→ Exercise requirements
The material below holds pictures; leave them out and reproduce exactly the lines from the one with "こうした背景から、このたび「" through the one with "Każdego roku w", inclusive.

→ Exercise input
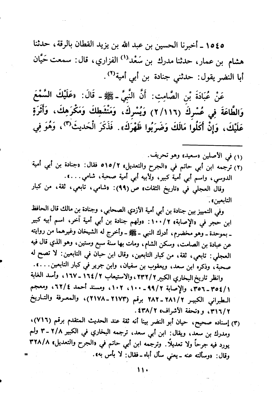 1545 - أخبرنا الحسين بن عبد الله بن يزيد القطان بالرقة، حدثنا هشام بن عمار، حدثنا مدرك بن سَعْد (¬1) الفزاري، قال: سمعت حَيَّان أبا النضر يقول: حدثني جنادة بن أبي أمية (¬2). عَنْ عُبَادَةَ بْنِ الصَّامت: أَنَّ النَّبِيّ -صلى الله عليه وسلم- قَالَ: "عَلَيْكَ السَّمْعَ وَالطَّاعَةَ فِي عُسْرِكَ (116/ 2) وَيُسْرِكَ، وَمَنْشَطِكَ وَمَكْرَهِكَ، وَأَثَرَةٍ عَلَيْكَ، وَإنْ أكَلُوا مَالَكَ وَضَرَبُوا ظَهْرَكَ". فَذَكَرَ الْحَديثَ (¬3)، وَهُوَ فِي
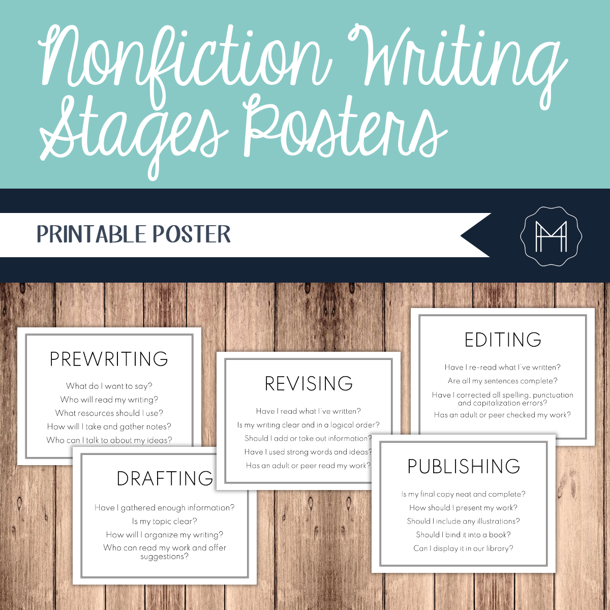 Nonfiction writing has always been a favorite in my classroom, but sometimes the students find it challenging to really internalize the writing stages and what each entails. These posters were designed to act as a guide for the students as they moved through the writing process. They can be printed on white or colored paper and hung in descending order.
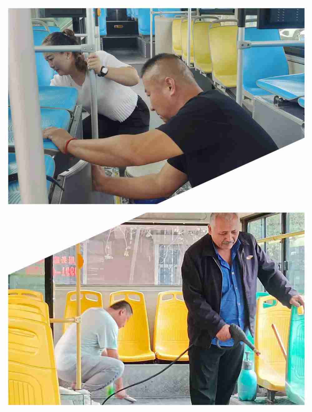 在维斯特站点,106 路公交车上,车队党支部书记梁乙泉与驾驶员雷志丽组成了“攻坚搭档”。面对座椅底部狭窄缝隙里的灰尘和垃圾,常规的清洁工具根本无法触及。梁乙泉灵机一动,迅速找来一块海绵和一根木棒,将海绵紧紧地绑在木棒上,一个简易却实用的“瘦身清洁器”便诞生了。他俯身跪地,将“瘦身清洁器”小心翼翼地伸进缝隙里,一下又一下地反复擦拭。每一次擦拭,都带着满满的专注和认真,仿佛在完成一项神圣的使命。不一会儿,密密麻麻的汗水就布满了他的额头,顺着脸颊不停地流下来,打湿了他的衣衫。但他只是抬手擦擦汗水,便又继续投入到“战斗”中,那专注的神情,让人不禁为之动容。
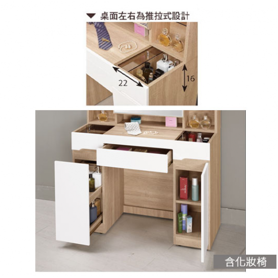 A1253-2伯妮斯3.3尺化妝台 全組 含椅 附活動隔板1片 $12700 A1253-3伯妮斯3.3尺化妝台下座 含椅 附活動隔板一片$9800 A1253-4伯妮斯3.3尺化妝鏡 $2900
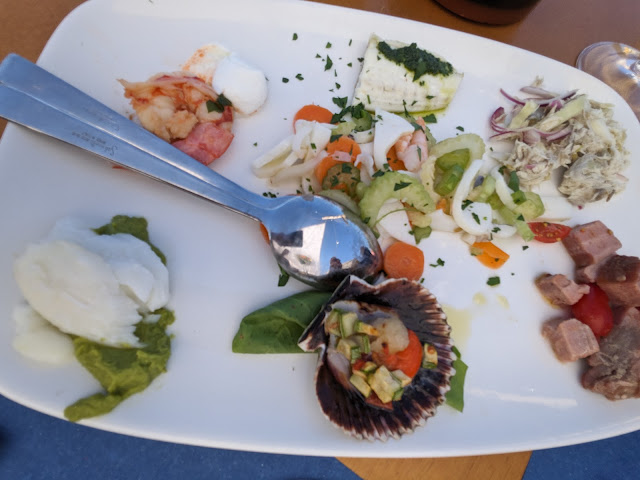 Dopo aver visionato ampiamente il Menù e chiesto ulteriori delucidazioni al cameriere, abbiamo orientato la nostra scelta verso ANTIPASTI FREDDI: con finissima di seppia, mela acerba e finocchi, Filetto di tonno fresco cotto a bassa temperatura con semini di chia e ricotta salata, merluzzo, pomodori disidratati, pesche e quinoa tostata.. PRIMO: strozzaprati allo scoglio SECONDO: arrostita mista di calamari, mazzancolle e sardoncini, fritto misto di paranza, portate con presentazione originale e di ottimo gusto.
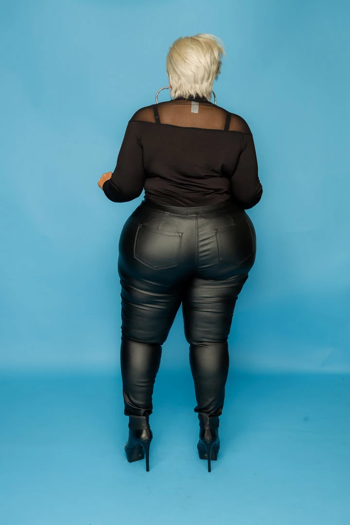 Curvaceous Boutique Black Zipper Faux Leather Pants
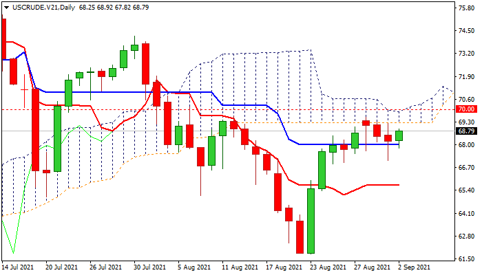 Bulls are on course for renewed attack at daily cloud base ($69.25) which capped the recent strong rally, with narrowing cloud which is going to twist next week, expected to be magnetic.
==
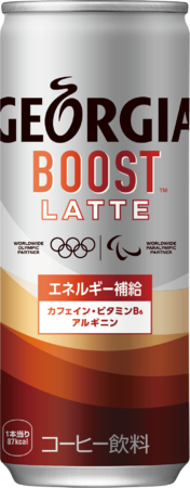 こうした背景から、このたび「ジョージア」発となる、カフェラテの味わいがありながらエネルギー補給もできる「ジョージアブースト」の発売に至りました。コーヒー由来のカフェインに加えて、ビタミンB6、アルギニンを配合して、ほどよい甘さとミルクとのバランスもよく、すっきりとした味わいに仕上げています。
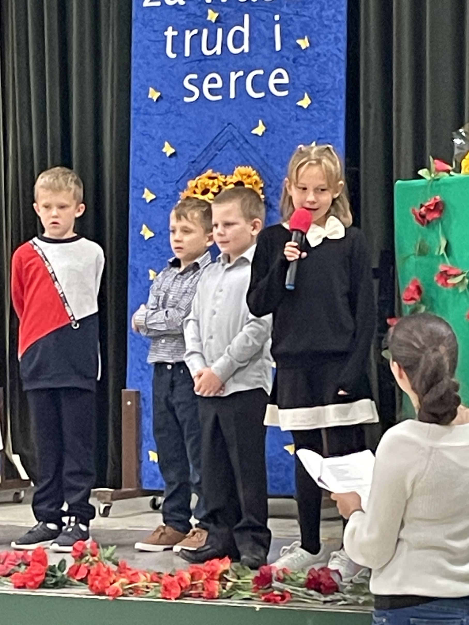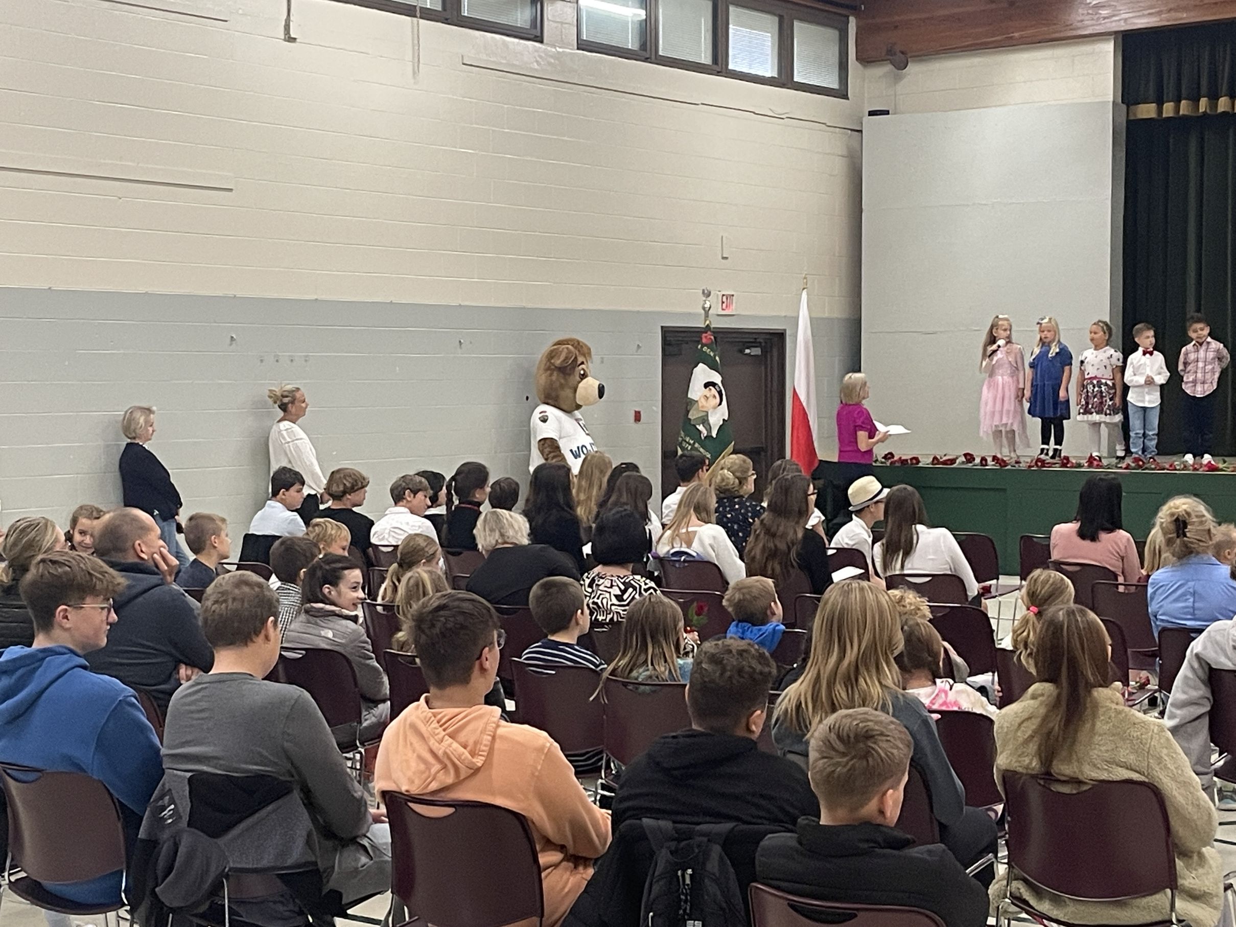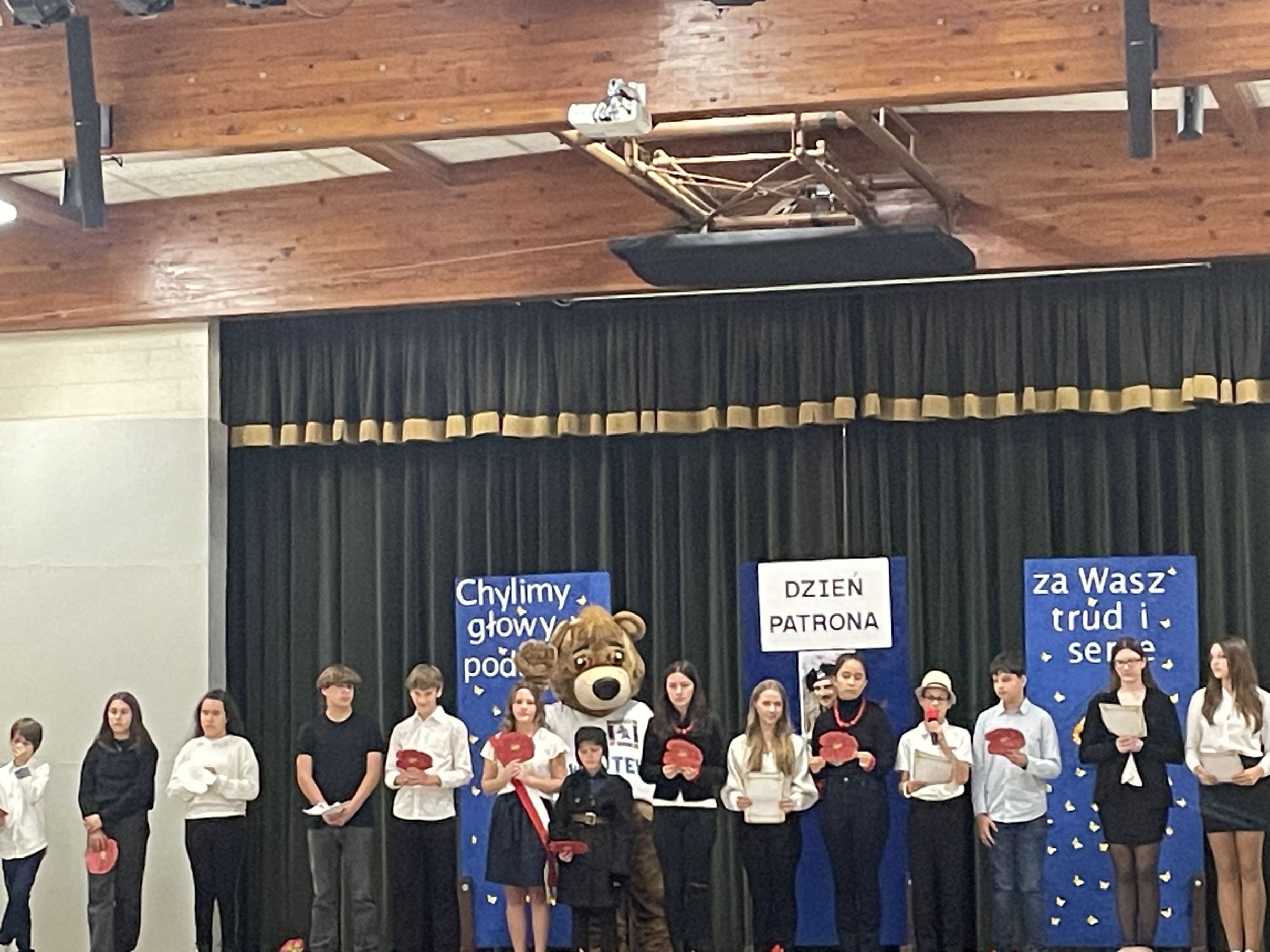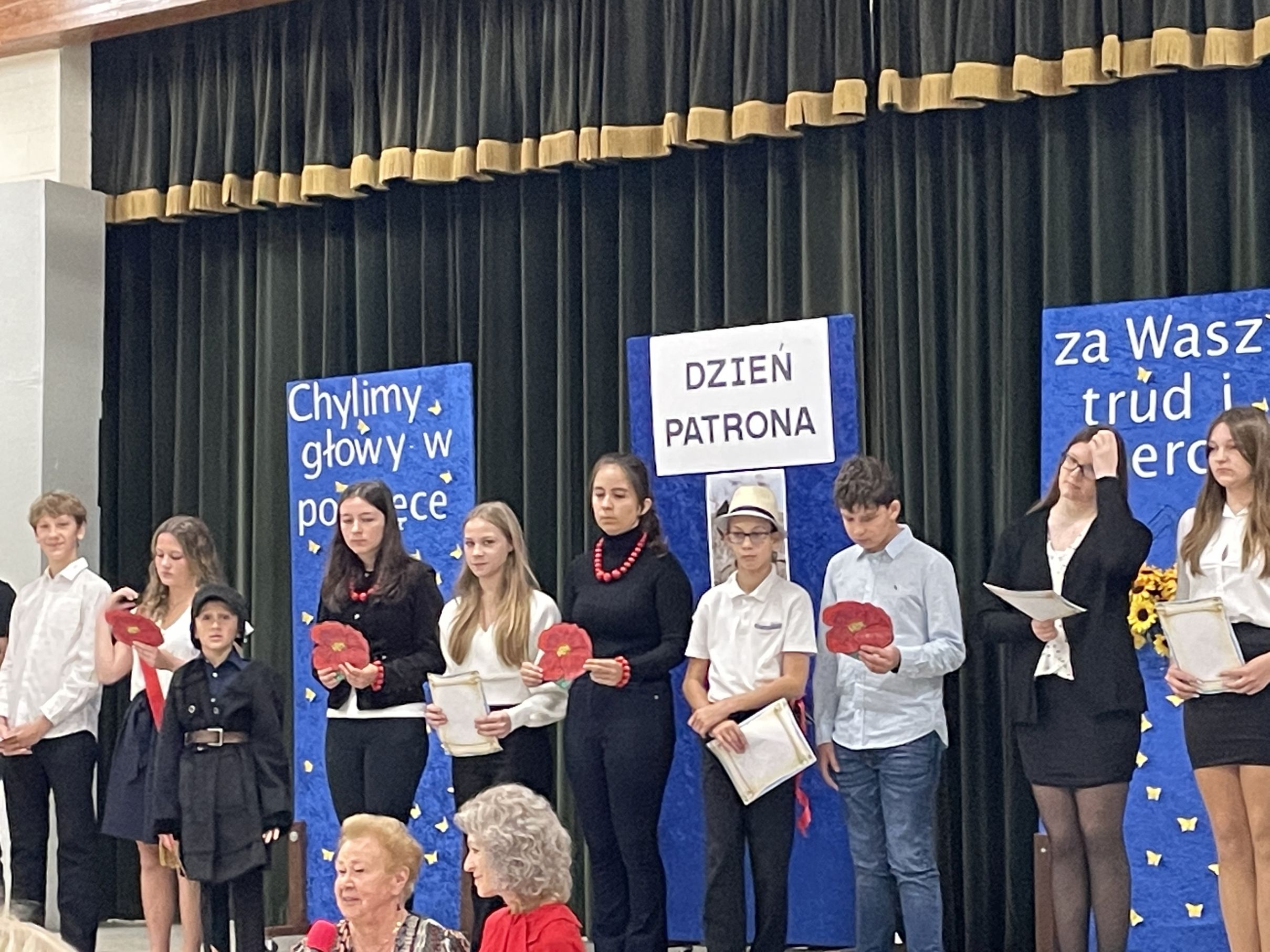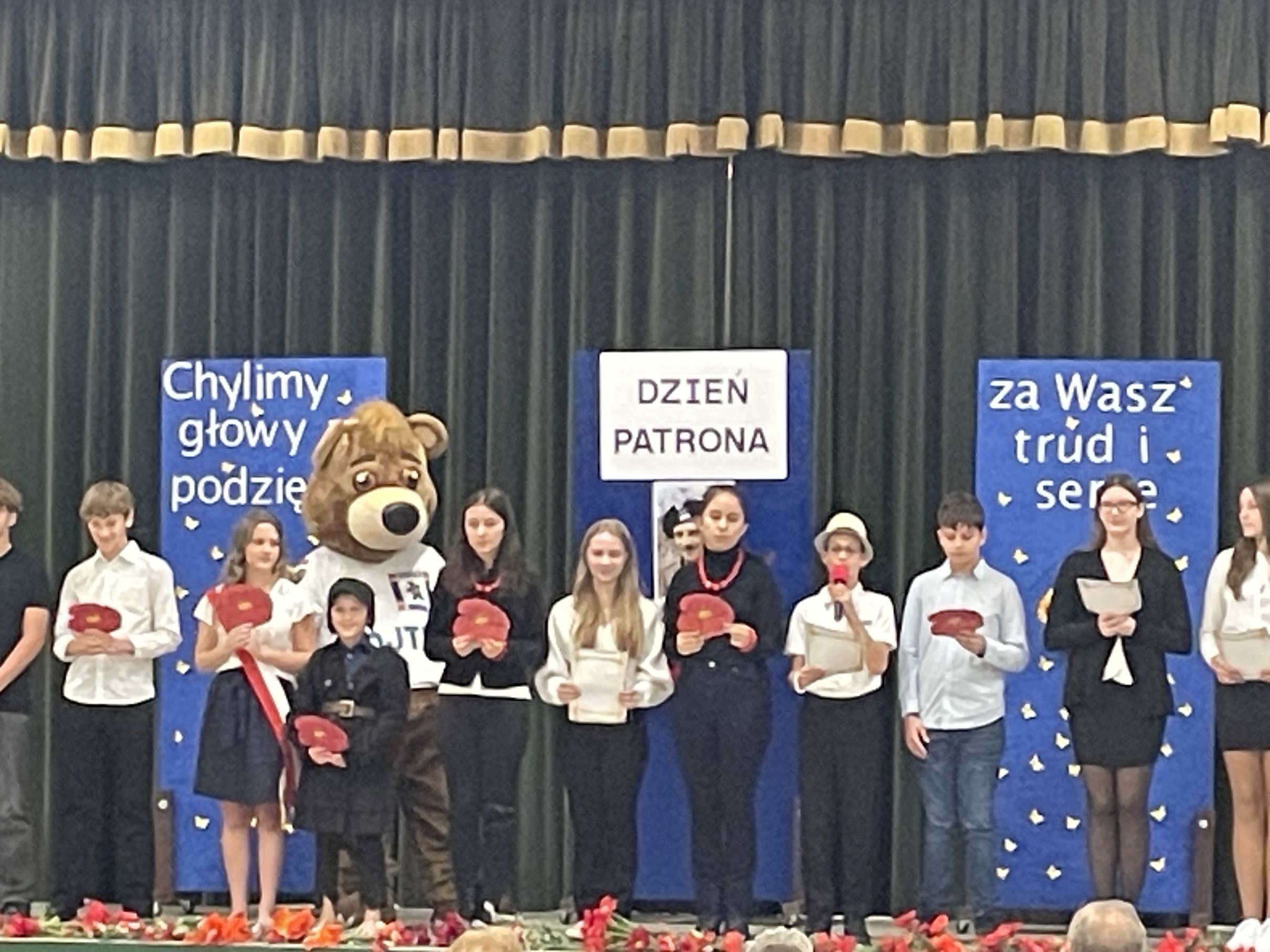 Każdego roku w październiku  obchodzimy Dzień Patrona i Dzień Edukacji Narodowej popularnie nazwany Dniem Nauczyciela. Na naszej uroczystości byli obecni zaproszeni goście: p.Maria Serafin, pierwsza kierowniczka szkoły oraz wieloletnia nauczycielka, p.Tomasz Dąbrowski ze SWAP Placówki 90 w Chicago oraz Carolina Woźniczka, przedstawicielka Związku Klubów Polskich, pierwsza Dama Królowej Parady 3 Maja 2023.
==
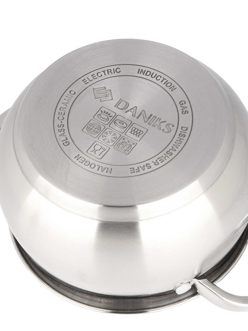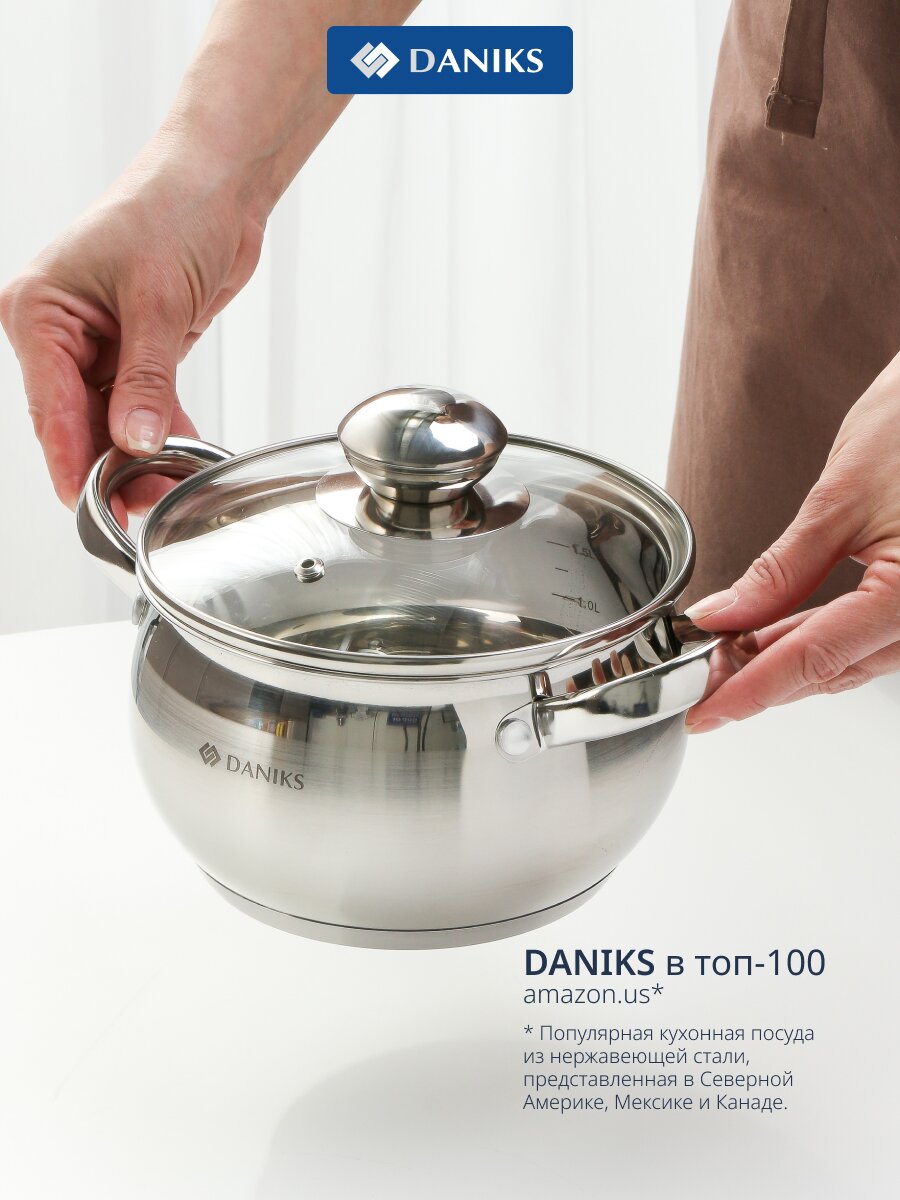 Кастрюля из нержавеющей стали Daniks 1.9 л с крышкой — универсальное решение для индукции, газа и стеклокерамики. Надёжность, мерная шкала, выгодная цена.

→ Completed exercise
 こうした背景から、このたび「ジョージア」発となる、カフェラテの味わいがありながらエネルギー補給もできる「ジョージアブースト」の発売に至りました。コーヒー由来のカフェインに加えて、ビタミンB6、アルギニンを配合して、ほどよい甘さとミルクとのバランスもよく、すっきりとした味わいに仕上げています。
 Każdego roku w październiku  obchodzimy Dzień Patrona i Dzień Edukacji Narodowej popularnie nazwany Dniem Nauczyciela. Na naszej uroczystości byli obecni zaproszeni goście: p.Maria Serafin, pierwsza kierowniczka szkoły oraz wieloletnia nauczycielka, p.Tomasz Dąbrowski ze SWAP Placówki 90 w Chicago oraz Carolina Woźniczka, przedstawicielka Związku Klubów Polskich, pierwsza Dama Królowej Parady 3 Maja 2023.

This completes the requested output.